Step S23: the keyword of in attribute data, searching reception.
Step S24: the attribute data that feedback search is arrived related segment data, show the access links of the document or the publication of segment data association simultaneously.
The storaging mark that in access links, comprises publication or document.
Step S25: receive the access links of selecting, show corresponding document or publication.
Owing to have storaging mark in the access links, call and show respective document or publication according to storaging mark.
Through the step among the embodiment two, can find relevant segment data fast according to the keyword that receives, through the storaging mark of association, can further find relevant document or the segment data in the publication.
Preferably, also can in advance the segment data in the document be replaced with placeholder, and in placeholder the sign of storage segment data, for example: placeholder is with " PAMCMS: // " beginning; After connect 4 identifiers by CSV, as shown in table 2, be respectively id, type; Lib, res, i.e.
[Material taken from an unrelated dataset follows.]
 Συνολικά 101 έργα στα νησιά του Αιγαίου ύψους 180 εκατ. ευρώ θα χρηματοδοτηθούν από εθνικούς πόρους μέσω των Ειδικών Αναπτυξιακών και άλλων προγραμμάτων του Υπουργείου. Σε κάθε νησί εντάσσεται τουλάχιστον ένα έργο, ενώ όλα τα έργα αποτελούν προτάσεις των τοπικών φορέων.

PAMCMS: //id; Type, lib, res
The concrete implication of 2:4 identifier of table
Title | Implication |
id | Quote the unique identifier of segment data |
type | Quote resource type, can expand as required; |
lib | The location identifier of segment data is quoted in expression |
res | Reserved identifier |
In above-mentioned step S25, visit said document or publication according to said access links, through the storaging mark in the placeholder, extract segment data and demonstration.
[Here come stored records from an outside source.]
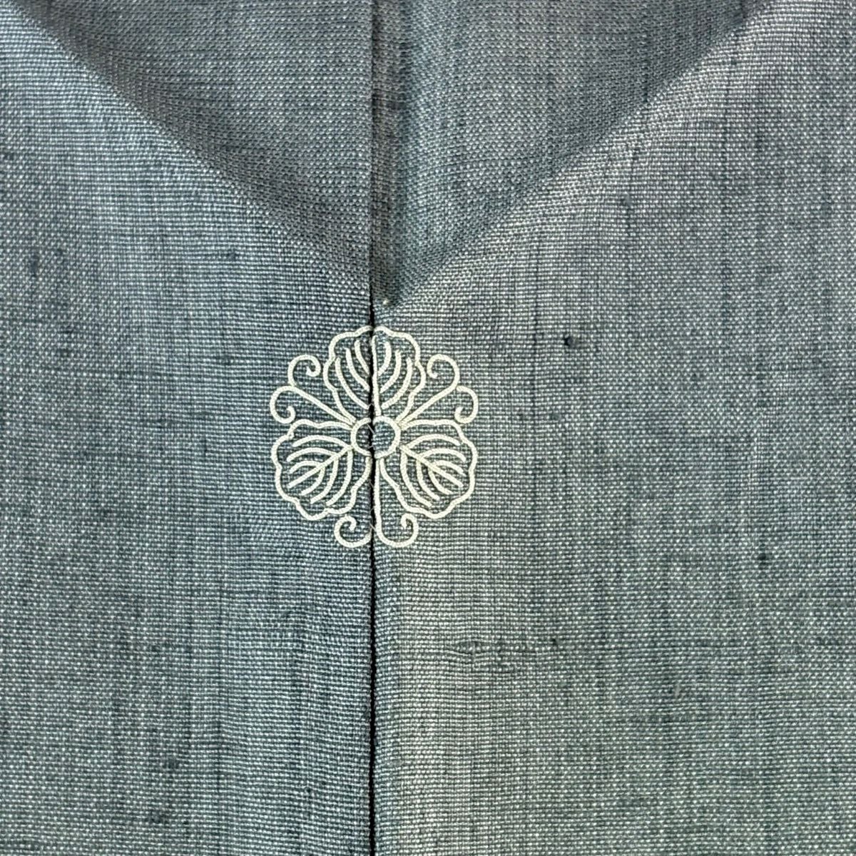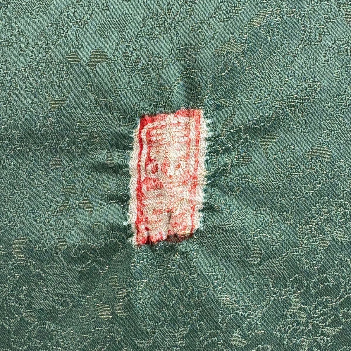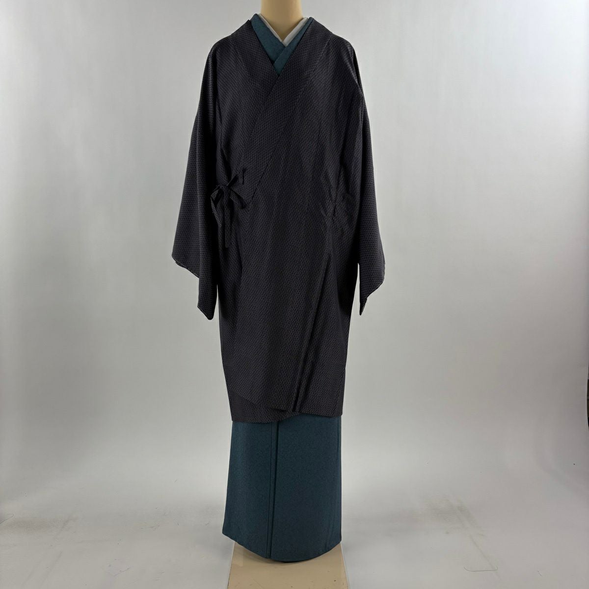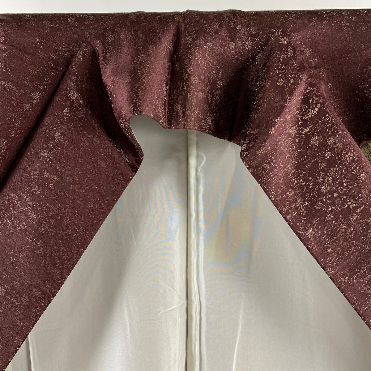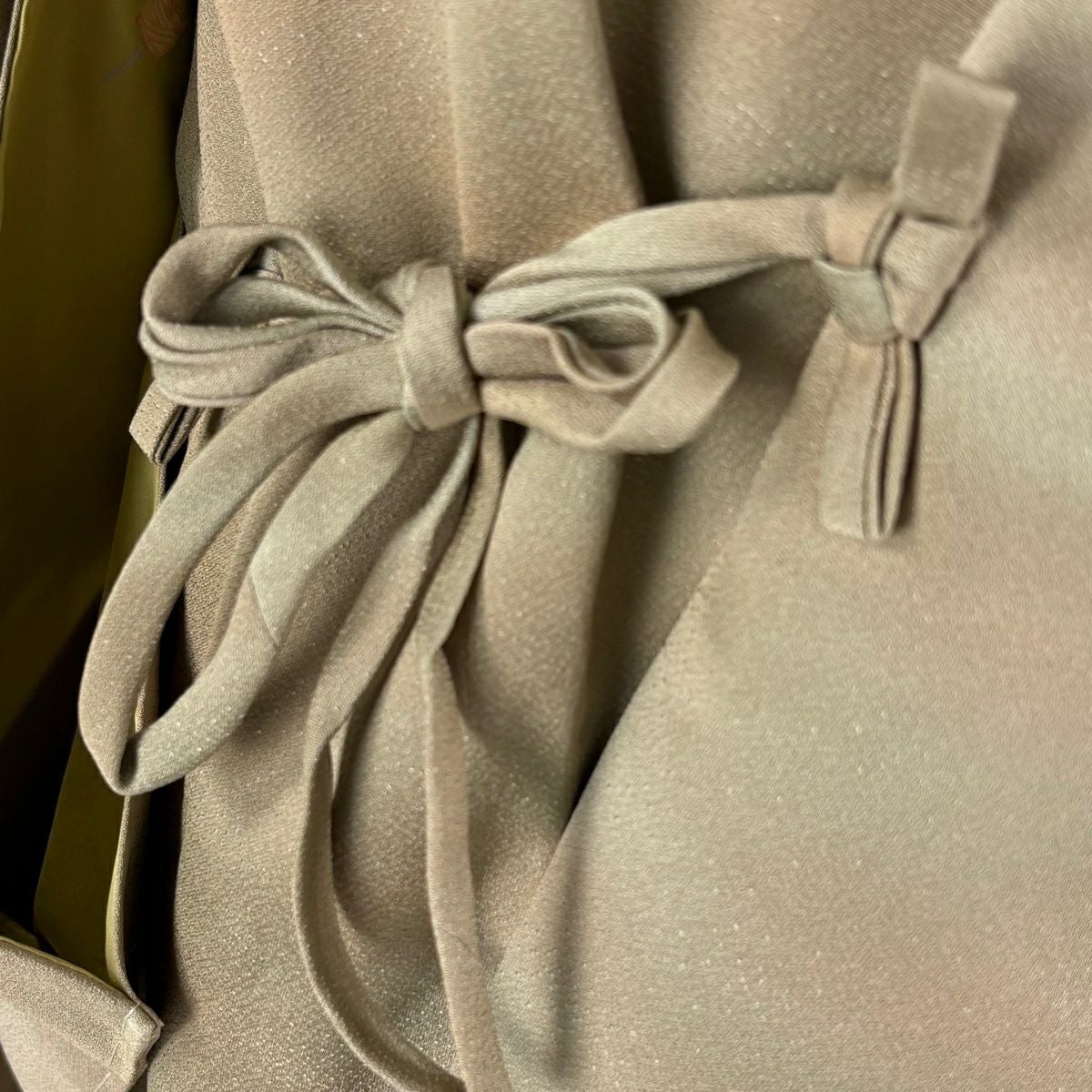 【在庫一掃】 道中着 身丈111cm 裄丈66cm M 和装コート 着物衿 紬地 秋草 流水 絞り 金彩 茶緑色 正絹 逸品
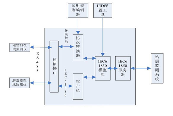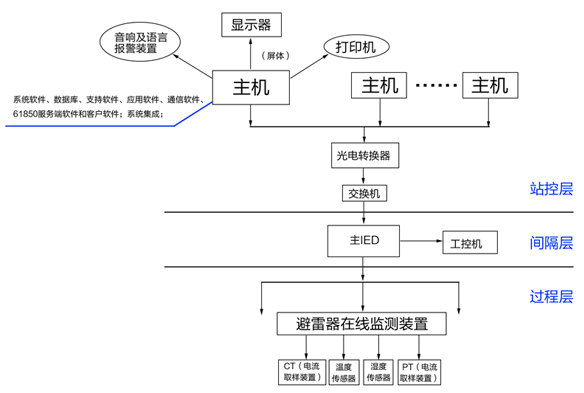 二、避雷器在線監(jiān)測(cè)儀接IED與后臺(tái)主機(jī)相連,實(shí)現(xiàn)數(shù)據(jù)上傳。
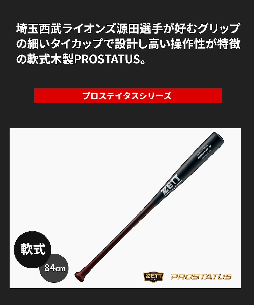 ■埼玉西武ライオンズ源田選手が好むグリップの細いタイカップで設計し高い操作性が特徴の軟式木製PROSTATUS。
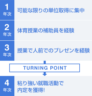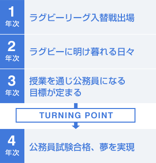 入学当初は漠然と、公務員という夢を持っていました。その夢が具体的な目標に変わったのが、「まちづくり論」と「地域防災論」の授業。より良いまちづくりを行政の立場で実現していくという、「なぜ自分は公務員になりたいのか」が確信できたことで、自然と勉強に身が入るようになりました。その結果、東京の世田谷区と大阪の役所に内定。最後まで諦めずに向かっていけば、絶対、何とかなる。周りの人も自分に熱意があれば協力してくれることが分かった4年間でした。
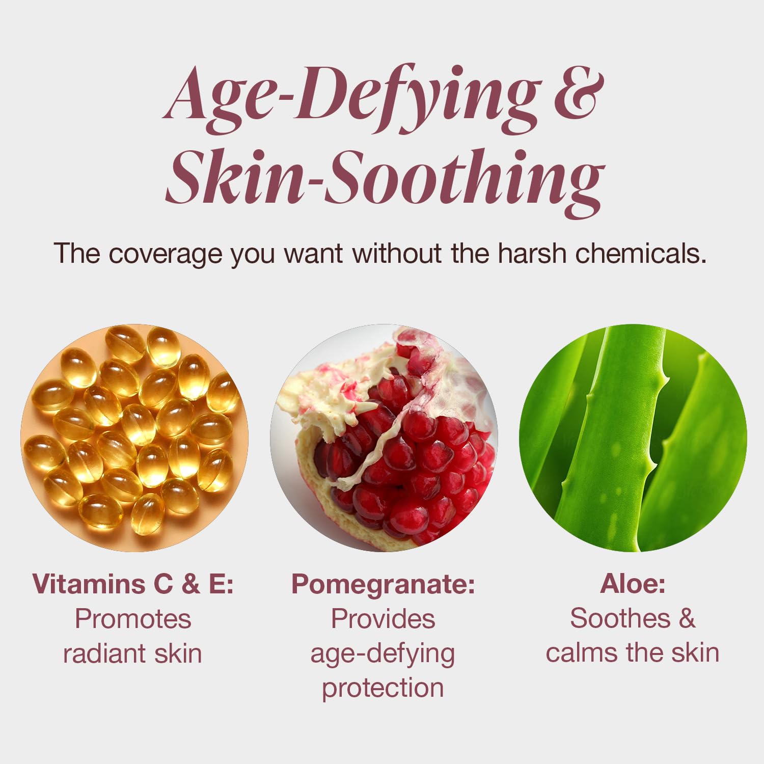 - NATURAL FORMULA: Our age-defying, skin-soothing pressed powder is made with Pomegranate, White Tea, Red Tea, and Sea Kelp to illuminate your natural glow while reducing the appearance of free radical damage. Has buildable coverage for total flexibility

Specified two embodiment of the present invention above, method of the present invention can adopt the form of module to be integrated in the electronic circuit, provides preferred embodiment three below, and specifies through the structural drawing of Fig. 4.Apparatus structure block diagram referring among Fig. 4 comprises:
Extraction module 41 is used for extracting the segment data of document;
Logging modle 42 is used for the segment data according to extraction module 41 extractions, writes down the attribute of the publication that attribute and said document belonged to of the attribute of said segment data, said document explicitly.
Preferably, also comprise:
Search module 43, be used for searching received keyword from the attribute of said logging modle 42 records;
Feedback module 44, be used for feeding back said search attribute that module 43 finds in logging modle 42 related segment data.
Preferably, also comprise:
Identification module 45 is used for said segment data, said document and said publication are stored respectively, and generates storaging mark respectively;
Identification record module 46; Be used for when logging modle 42 writes down said attribute relatedly said storaging mark, the said storaging mark of said document and the said storaging mark of said publication of the said segment data that related ground record identification module 45 generates.
Preferably, also comprise:
Link feedback module 47; When being used for feedback module 44 feedback segment data; Storaging mark through identification record module 46 records feeds back the said document of said segment data association or the access links of said publication, in said link, adds storaging mark.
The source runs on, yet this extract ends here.